The differences are explained below, and won't be embedded in this endpoint.

Single entry

/api/integration/metadata-suggestions/<:suggestion-name>/entryValues/<:entry-id>

It returns the data from one entry in a live import source

sample for a live import source /api/integration/metadata-suggestions/orcid/entryValues/0000-0002-4271-0436

{
  "id": "0000-0002-4271-0436",
  "display": "Smith, Dean",
  "value": "Smith, Dean",
  "type": "metadataSuggestionEntry",
  "metadataSuggestion": "orcid",
  "metadata": {
    "dc.identifier.orcid": [
      {
        "value": "0000-0002-4271-0436",
        "language": null,
        "authority": null,
        "confidence": 0,
        "place": -1
      }
    ],
    "dc.identifier.uri": [
      {
        "value": "https://orcid.org/0000-0002-4271-0436",
        "language": null,
        "authority": null,
        "confidence": 0,
        "place": -1
      }
    ],
    "person.familyName": [
      {
        "value": "Smith",
        "language": null,
        "authority": null,
        "confidence": 0,
        "place": -1
      }
    ],
    "person.givenName": [
      {
        "value": "Dean",
        "language": null,
        "authority": null,
        "confidence": 0,
        "place": -1
      }
    ]
  },
  "_links": {
    "self": {
      "href": "https://dspace7-internal.atmire.com/server/api/integration/metadata-suggestions/orcid/entryValues/0000-0002-4271-0436"
    },
    "differences": {
      "href": "https://dspace7-internal.atmire.com/server/api/integration/metadata-suggestions/orcid/entryValueDifferences/0000-0002-4271-0436"
    }
  }
}

The differences are explained below

Differences for a single entry

/api/integration/metadata-suggestions/<:suggestion-name>/entryValueDifferences/<:entry-id>

Parameters (workspaceitem or workflowitem is mandatory):

  • workspaceitem: the current workspace item ID (mutually exclusive with workflowitem)
  • workflowitem: the current workflow item ID (mutually exclusive with workspaceitem)

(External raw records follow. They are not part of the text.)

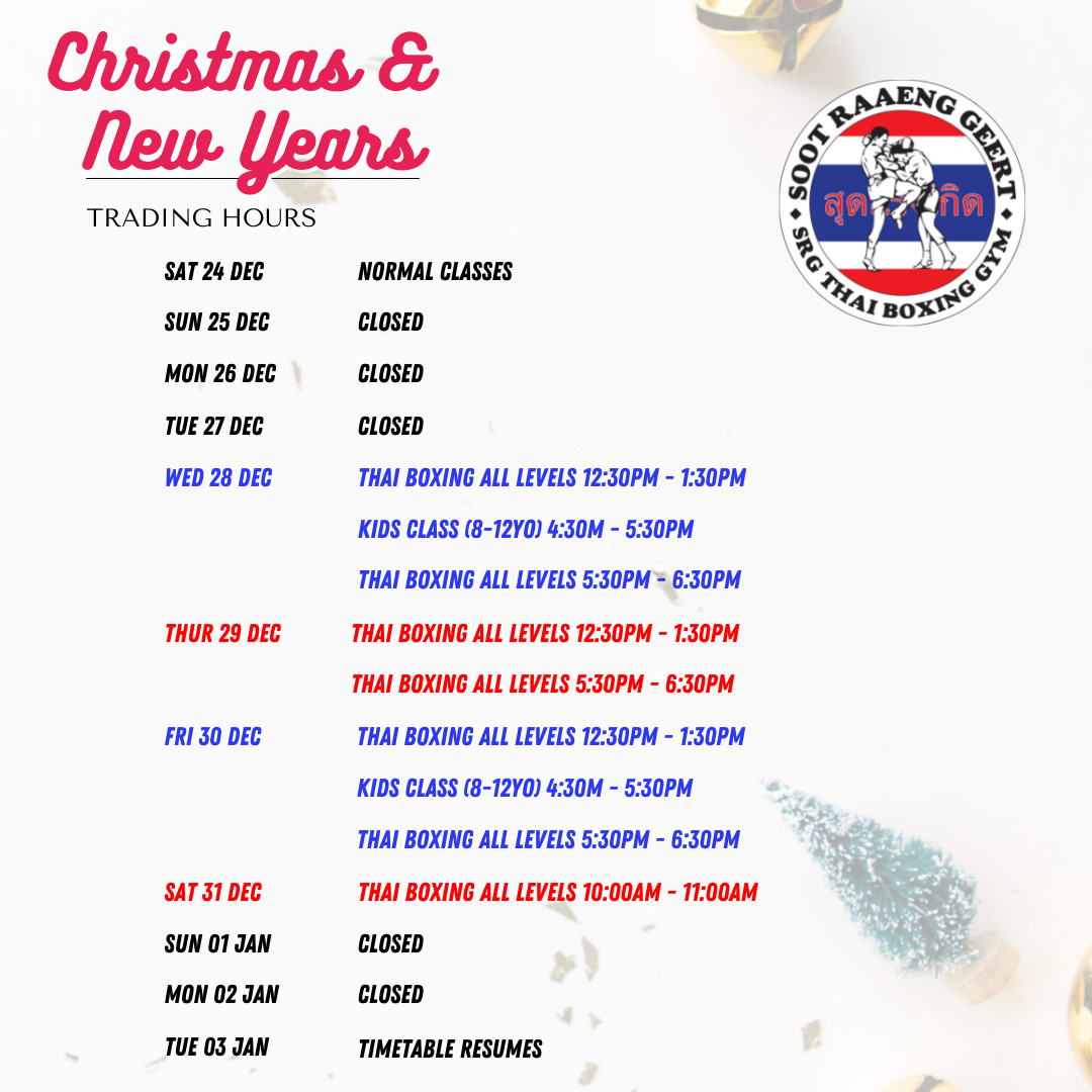 30/12 Thai boxing all levels 12:30pm – 1:30pm | Kids class (8-12yo) 4:30pm – 5:30pm | Thai boxing all levels 5:30pm – 6:30pm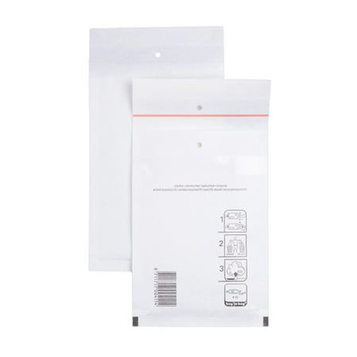 Dessa vadderade e-handelspåsar är tillverkade av vitt kraftpapper och har en bubbelplastklädd insida som ger extra skydd åt innehållet. De är anpassade för att tåla transportens påfrestningar och har en praktisk självhäftande förslutning som gör packningen snabb och smidig.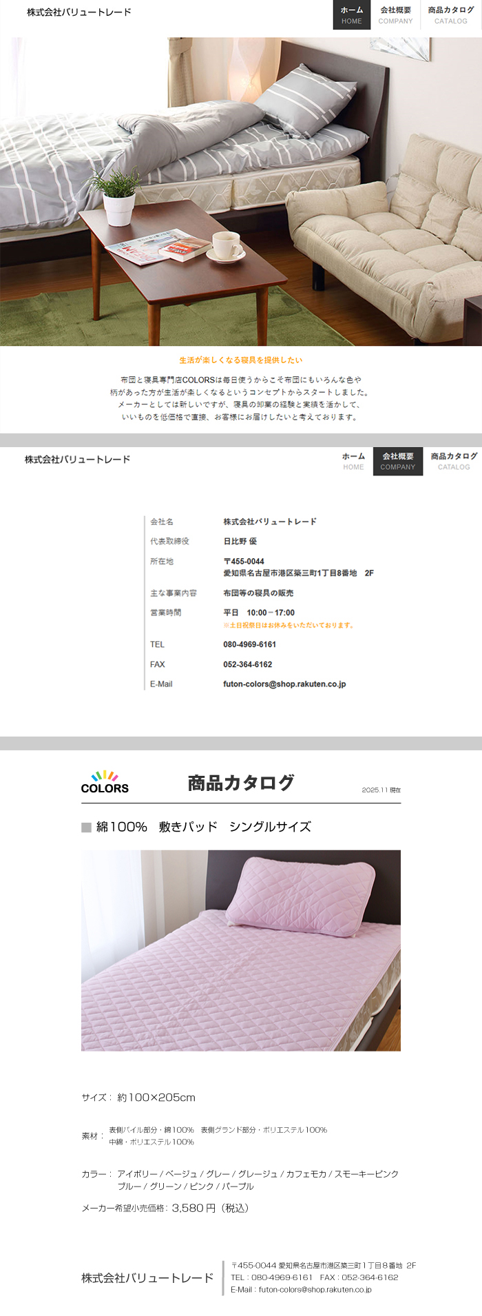 ss001 綿100%敷きパッドS

It returns the suggested metadata changes from one entry to be applied to the given item

sample for a live import source /api/integration/metadata-suggestions/orcid/entryValueDifferences/0000-0002-4271-0436?workspaceitem=123

{
  "differences" : {
    "dc.identifier.orcid" : {
      "currentvalues" : [],
      "suggestions" : [
        {
          "operations": [ "add/metadata/dc.identifier.orcid/-" ],
          "newvalue": "0000-0002-4271-0436"
        }
      ]
    },
    "dc.identifier.uri" : {
      "currentvalues" : [ "https://profiles.utsouthwestern.edu/profile/16780/dean-smith.html" ],
      "suggestions" : [
        {
          "operations": [ "add/metadata/dc.identifier.uri/-", "replace/metadata/dc.identifier.uri/0" ],
          "newvalue": "https://orcid.org/0000-0002-4271-0436"
        }
      ]
    }
  },
  "_links": {
    "self": {
      "href": "https://dspace7-internal.atmire.com/server/api/integration/metadata-suggestions/orcid/entryValueDifferences/0000-0002-4271-0436?workspaceitem=123"
    }
  }
}

sample for a live import source /api/integration/metadata-suggestions/pubmed/entryValueDifferences/31383667?workspaceitem=456

{
  "differences" : {
    "dc.contributor.author" : {
      "currentvalues" : [ "D. Pollard", "C. E. Wylie[virtual::1373]" ],
      "suggestions" : [
        {
          "operations": [ "replace/metadata/dc.contributor.author/0", "add/metadata/dc.contributor.author/-" ],
          "newvalue": "Pollard, D"
        },
        {
          "operations": [ "namevariant/metadata/dc.contributor.author/1", "add/metadata/dc.contributor.author/-" ],
          "newvalue": "Wylie, C E"
        },
        {
          "operations": [ "add-relationship/metadata/dc.contributor.author/-" ],
          "newvalue": "Newton, J R",
          "item": "1f8b3dd7-f5ae-4153-bf17-808d3a5379ac",
          "relationship-type" : 1
        }
    ]
    },
    "dc.date.issued" : {
      "currentvalues": [ "2019" ],
      "suggestions": [
        {
          "operations": [ "replace/metadata/dc.date.issued/0" ],
          "newvalue": "2019-09-23"
        }
      ]
    },
    "dc.subject" : {
      "currentvalues" : [],
      "suggestions": [
        {
          "operations": [ "add/metadata/dc.subject/-" ],
          "newvalue": "DNA replication inhibitors"
        },
        {
          "operations": [ "add/metadata/dc.subject/-" ],
          "newvalue": "Mycobacterium"
        }
      ]
    }
  },
  "_links": {
    "self": {
      "href": "https://dspace7-internal.atmire.com/server/api/integration/metadata-suggestions/pubmed/entryValueDifferences/31383667?workspaceitem=456"
    }
  }
}

The suggested changes are based on the current item:

  • It takes the current metadata of the item into account (don't suggest to add a title which is already present)
  • It takes the submission forms into account (don't suggest to change metadata fields which are not editable based on input forms, only one value for a non-repeatable field)
  • It suggests operations to apply to the item. The first operation is considered the most relevant by REST (but the user can choose another operation)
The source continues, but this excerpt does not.